Алиса в закулисье
Положительное и негативное
Отец Илья: Алиса Бруновна, мы с вами общались несколько лет назад, по пути в Смольный собор на концерт в помощь детям с тяжелыми заболеваниями. Там вы читали отрывок из «Оскара и Розовой дамы», а потом произнесли такую фразу: «Да, жить по заповедям — это то, что нужно современному человеку». Я запомнил эти слова.
Алиса Фрейндлих: Тоже мне мудрость (улыбается). Я помню этот разговор.
Отец Илья: Один молодой человек написал о вас песню, обязательно дам вам её послушать! Я интересуюсь у него: «А вот ты что бы хотел спросить у Алисы Фрейндлих?» А он знаете что сказал? «Я бы очень хотел узнать, как, несмотря на все жизненные перипетии, она всегда остается такой позитивной?» У вас есть секрет?

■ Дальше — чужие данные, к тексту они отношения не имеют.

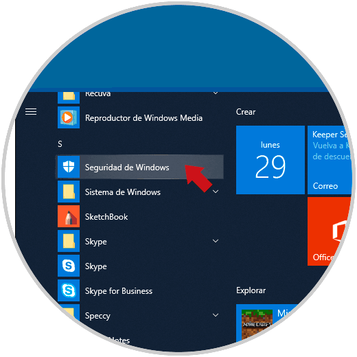 Para abrir Windows Defender desde el menú Inicio, damos clic en el botón de Inicio y en el panel lateral iremos a la letra S y seleccionamos Seguridad de Windows. Al seleccionar allí iremos a la consola de Windows Defender.
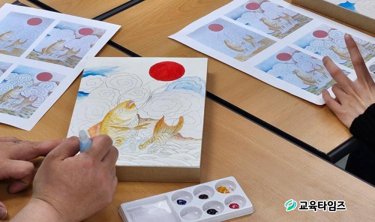 Âü¿© û³âµéÀº °»çÀÇ ¾È³»¿¡ µû¶ó ¾à¸®µµ ¹Ø±×¸²¿¡ Á÷Á¢ »öÀ» Ä¥Çϸç ÀüÅë ¹ÎÈÀÇ »ö°¨°ú Ç¥Çö±â¹ýÀ» üÇèÇß°í, À̸¦ ÅëÇØ ¿¹¼úÀû ¸ôÀÔ°ú Á¤¼Àû ¾ÈÁ¤ÀÇ ½Ã°£À» °¡Á³´Ù.

Алиса Фрейндлих: Я не всегда позитивная, должна вам сказать. Это некоторое преувеличение, потому что бывают какие-то вещи, которые меня и обижают, и раздражают, и злят, и настроение совершенно падает. Поиск позитивного в жизни гораздо продуктивнее, чем поиск негатива. Я человек вообще-то немножко мистический, вам это не покажется убедительным, наверное. Но, тем не менее, это так. Мне кажется, что всё замешано в этой жизни на энергиях. Именно энергии живут во всём и во всех. Все эти неприятности, которые на земле возникают — землетрясения, ураганы, озлобленность людская, — они все от избытка негативной энергии. Увы, отрицательной энергии гораздо больше в мире, чем положительной. Положительная энергия застенчива и скромна, а отрицательная — нахальна.
Отец Илья: Соотношение этих энергий всегда более или менее одинаково?

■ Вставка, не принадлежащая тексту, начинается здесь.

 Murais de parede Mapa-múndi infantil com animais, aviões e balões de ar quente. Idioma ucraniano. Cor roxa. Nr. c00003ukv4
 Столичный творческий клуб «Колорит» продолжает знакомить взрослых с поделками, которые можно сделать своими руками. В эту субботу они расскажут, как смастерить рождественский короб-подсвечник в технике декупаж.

Алиса Фрейндлих: Нет, конечно, не всегда одинаково, это во многом зависит от уровня жизни, от «бытия, которое определяет сознание»… Несмотря на то, что вернулось уважение и к вере, и к Церкви, и к заповедям, о которых мы с вами упомянули, тем не менее жизнь не так хороша. А почему? Я не могу сказать, что жизнь стала хуже. Может, я сужу по своему более близкому кругу людей. Знаете, было время, когда поклонники дарили после спектакля не цветы, а спички, я ведь давно живу. Моя дочь еще зацепила период, когда ничего не было, когда был полный дефицит по всем статьям, и она сегодня более бережно относится к тому, что имеет. А для моих правнуков радость от игрушки длится полминуты — потому что игрушек у них несметное количество. Когда-то мы умели ценить, когда удавалось сообразить для семьи, для дома, для ребенка какую-нибудь вещичку, одежку. Это не значит, что нынешнее изобилие нужно исключить из нашего бытия! Боже сохрани, пускай оно будет! Но параллельно надо воспитывать способность и умение ценить то, что ты имеешь. Это я куда-то забираюсь в область… (Задумалась.) Что такое вечность? Сколько бы ты ни думал на эту тему, всё равно не поймешь, что такое вечность, никогда. Но что такое наши последние тридцать лет по сравнению с вечностью? Ничто. Чего мы хотим от людей? Хотим, чтобы психика их перестроилась сразу, оттого что ничего не было, а теперь вдруг всё есть? Как всегда, есть очень состоятельные люди, и есть люди бедные. Поэтому в человеке зарождается зависть, а за завистью — злость, агрессивность. Всё это крупицы отрицательной энергии. Люди меньше улыбаются друг другу, меньше радуются, меньше испытывают потребность сказать что-то приятное, обласкать кого-то. В театре, кстати, тоже значительная роль уделяется именно энергиям, проходящим между залом и сценой.
Территория добрых эмоций
Отец Илья: Это происходит через слово, через эмоцию?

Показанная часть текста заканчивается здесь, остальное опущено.